I don't know how I got to this place. I thought I knew all of the demons that visit me at night — the skeleton, the gorilla who tickles me, the vampire. But this creature has somehow gotten past my defenses and staked a position in my life. Next to my stoner buddies, my art world friends, my childhood pals, the monster sits at the big table with us, helps itself to a serving of stuffing, shows up at funerals, clusters around the TV with me and my family during national disasters, lounges on the beach with us as the sun goes down.

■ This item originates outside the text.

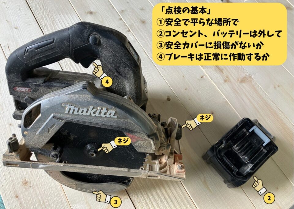 ②コンセント、バッテリーは外して、丸鋸が冷えた状態で行うこと。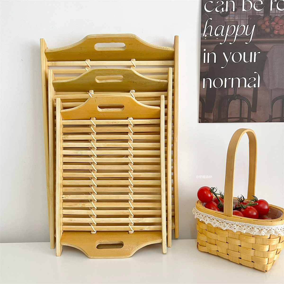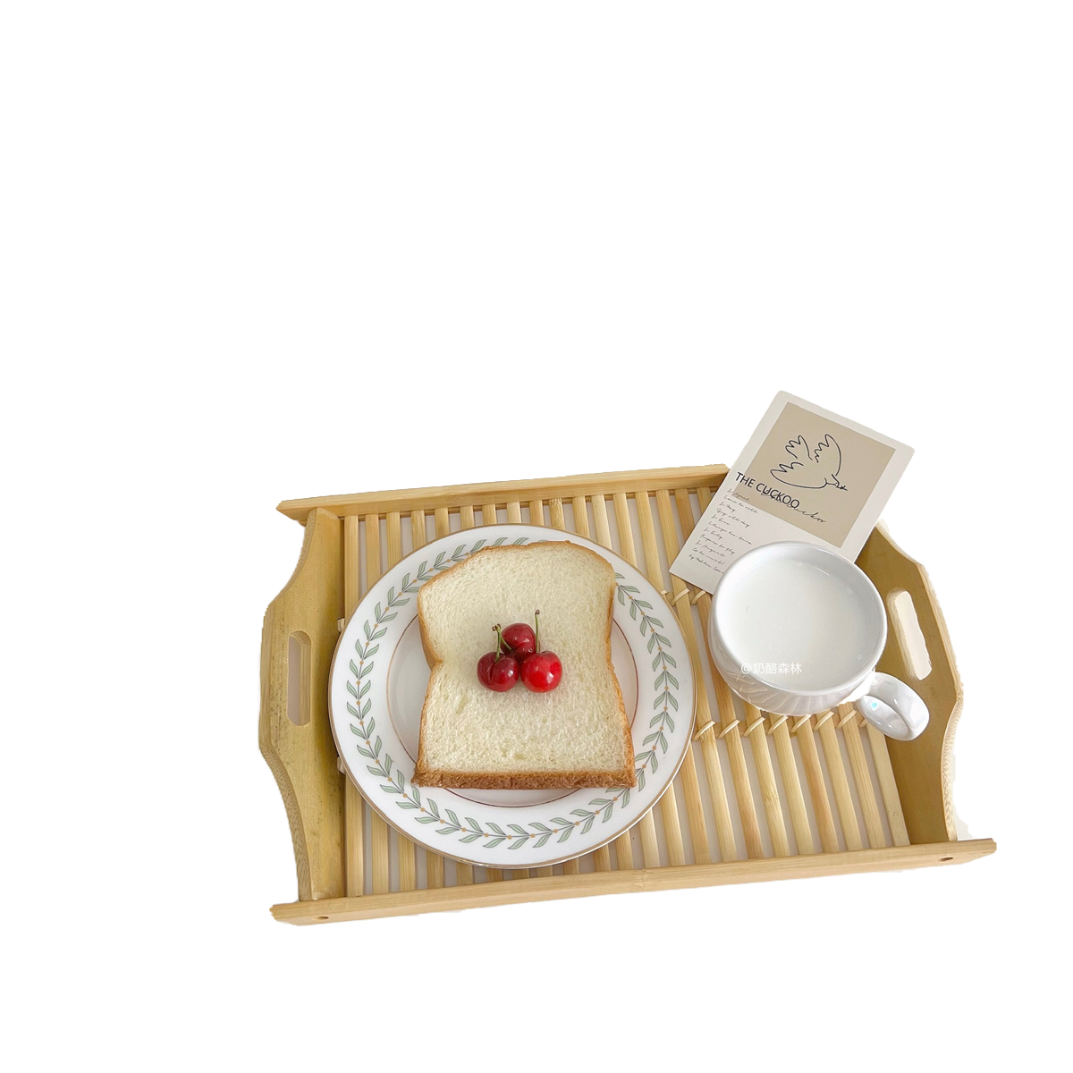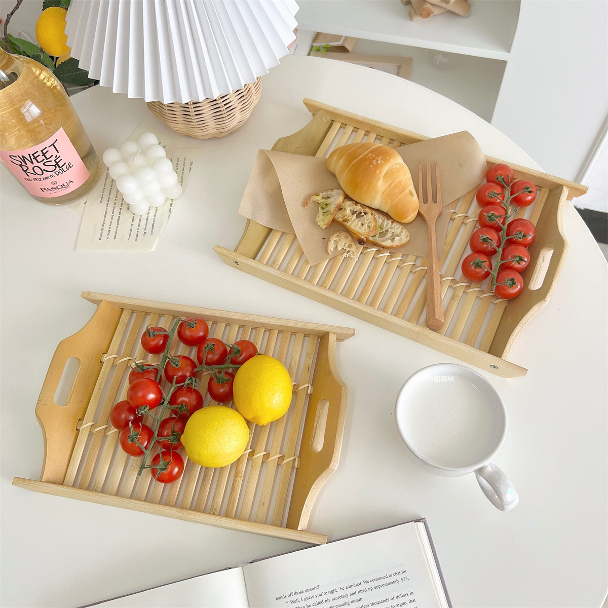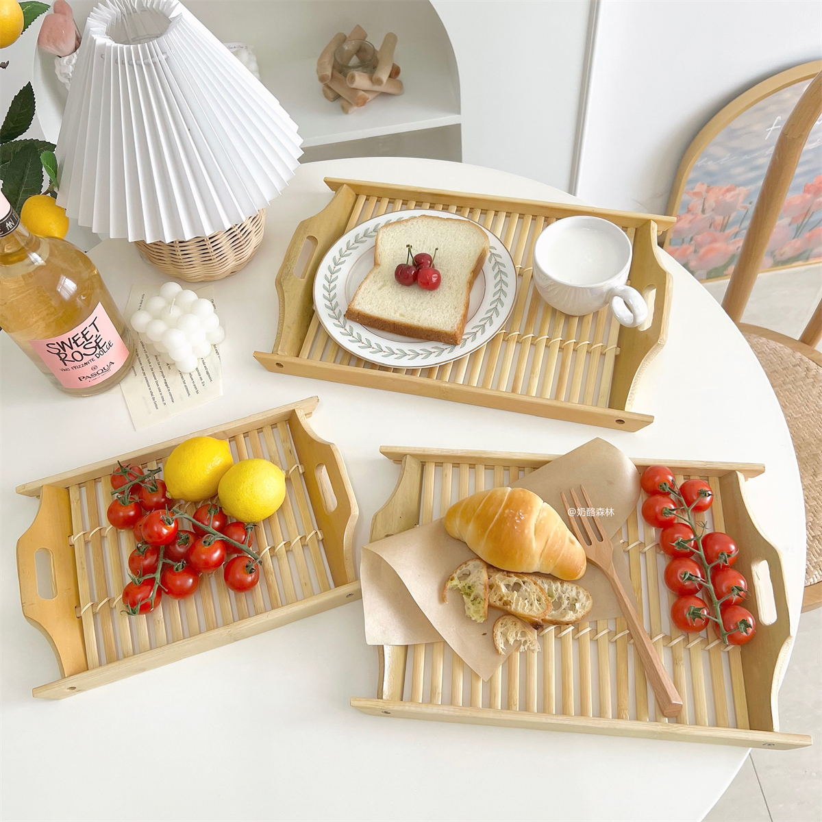 Q5ZRins Bamboo Long-row Tray Tea Tray Rectangular All-bamboo Dinner Plate Household Multi-use Bamboo Tray Perfume Decoration

I want it close to me when I am confused, when I am asking myself what to do next. I want the monster beside me when I measure myself against those whom I admire, when I am imagining myself into my talents and pushing against the boundaries of what I already know. I want the monster right up against me, tantalizing me with long kisses and teasing me liquid until I beg to be penetrated in places I didn't know I had.

I want the monster inside me, reminding me that I can be anything I choose, even if I'm alone. I don't mind if the monster stays or goes, because I'm already so frightened I can hardly breathe.